Изменить размер шрифта - +

– В час дня, ваше превосходительство! – звучала сказанная фраза, переливалась на все голоса: то весело-насмешливая, то сердитая, то упрямая и тупая. Словно поставили в спальню сотню заведенных граммофонов, и все они, один за другим, с идиотской старательностью машины выкрикивали приказанные им слова:

– В час дня, ваше превосходительство.

И этот «завтрашний час дня», который еще так недавно ничем не отличался от других, был только спокойным движением стрелки по циферблату золотых часов, вдруг приобрел зловещую убедительность, выскочил из циферблата, стал жить отдельно, вытянулся, как огромный черный столб, всю жизнь разрезающий надвое. Как будто ни до него, ни после него не существовало никаких других часов, а он только один, наглый и самомнительный, имел право на какое-то особенное существование.

– Ну? Чего тебе надо? – сквозь зубы, сердито спросил министр.

Орали граммофоны:

– В час дня, ваше превосходительство! – И черный столб ухмылялся и кланялся.

Скрипнув зубами, министр приподнялся на постели и сел, опершись лицом на ладони, – положительно он не мог заснуть в эту отвратительную ночь.

И с ужасающей яркостью, зажимая лицо пухлыми надушенными ладонями, он представил себе, как завтра утром он вставал бы, ничего не зная, потом пил бы кофе, ничего не зная, потом одевался бы в прихожей. И ни он, ни швейцар, подававший шубу, ни лакей, приносивший кофе, не знали бы, что совершенно бессмысленно пить кофе, одевать шубу, когда через несколько мгновений все это: и шуба, и его тело, и кофе, которое в нем, будет уничтожено взрывом, взято смертью. Вот швейцар открывает стеклянную дверь… И это он, милый, добрый, ласковый швейцар, у которого голубые солдатские глаза и ордена во всю грудь, сам, своими руками открывает страшную дверь, – открывает, потому что не знает ничего. Все улыбаются, потому что ничего не знают.

– Ого! – вдруг громко сказал он и медленно отвел от лица ладони.

И, глядя в темноту, далеко перед собою, остановившимся, напряженным взглядом, так же медленно протянул руку, нащупал рожок и зажег свет. Потом встал и, не надевая туфель, босыми ногами по ковру обошел чужую незнакомую спальню, нашел еще рожок от стенной лампы и зажег. Стало светло и приятно, и только взбудораженная постель со свалившимся на пол одеялом говорила о каком-то не совсем еще прошедшем ужасе.

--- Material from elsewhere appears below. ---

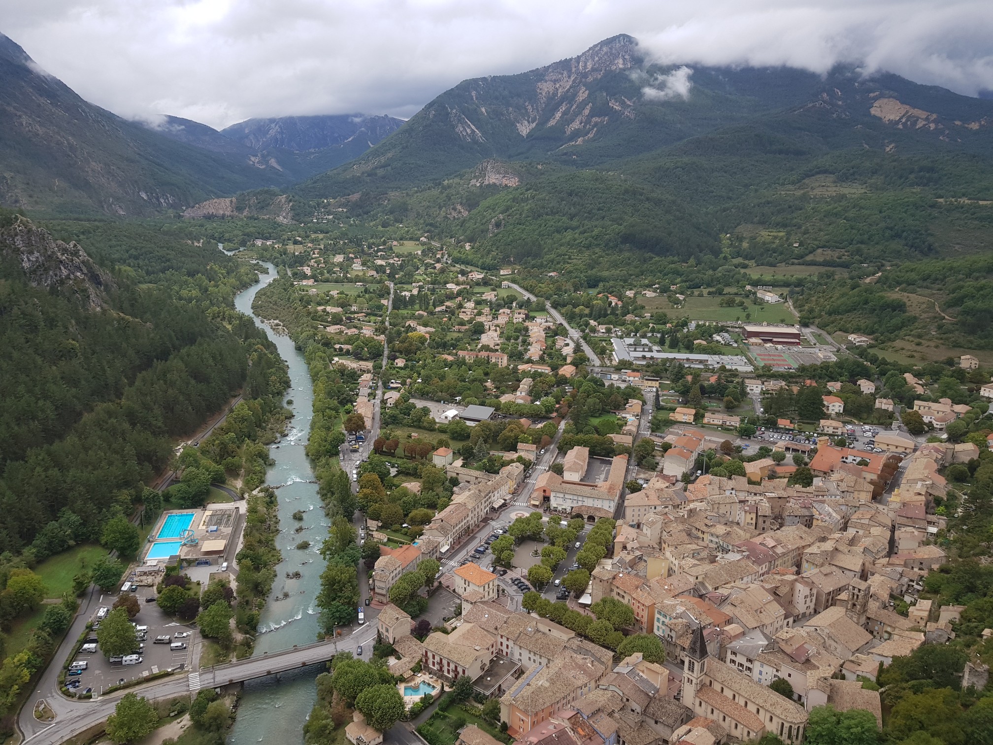 La ville de Castellane et le début des gorges du Verdon, vue depuis Notre Dame du Roc, chapelle qui domine Castellane.

В ночном белье, с взлохматившейся от беспокойных движений бородою, с сердитыми глазами, сановник был похож на всякого другого сердитого старика, у которого бессонница и тяжелая одышка. Точно оголила его смерть, которую готовили для него люди, оторвала от пышности и внушительного великолепия, которые его окружали, – и трудно было поверить, что это у него так много власти, что это его тело, такое обыкновенное, простое человеческое тело, должно было погибнуть страшно, в огне и грохоте чудовищного взрыва. Не одеваясь и не чувствуя холода, он сел в первое попавшееся кресло, подпер рукою взлохмаченную бороду и сосредоточенно, в глубокой и спокойной задумчивости, уставился глазами в лепной незнакомый потолок.

Так вот в чем дело! Так вот почему он так струсил и так взволновался! Так вот почему она стоит в углу и не уходит и не может уйти!

– Дураки! – сказал он презрительно и веско.

– Дураки! – повторил он громче и слегка повернул голову к двери, чтобы слышали те, к кому это относится. А относилось это к тем, кого недавно он называл молодцами и кто в излишке усердия подробно рассказал ему о готовящемся покушении.

«Ну, конечно, – думал он глубоко, внезапно окрепшею и плавною мыслью, – ведь это теперь, когда мне рассказали, я знаю и мне страшно, а ведь тогда бы я ничего не знал и спокойно пил бы кофе. Ну, а потом, конечно, эта смерть, – но разве я так боюсь смерти? Вот у меня болят почки, и умру же я когда-нибудь, а мне не страшно, потому что ничего не знаю.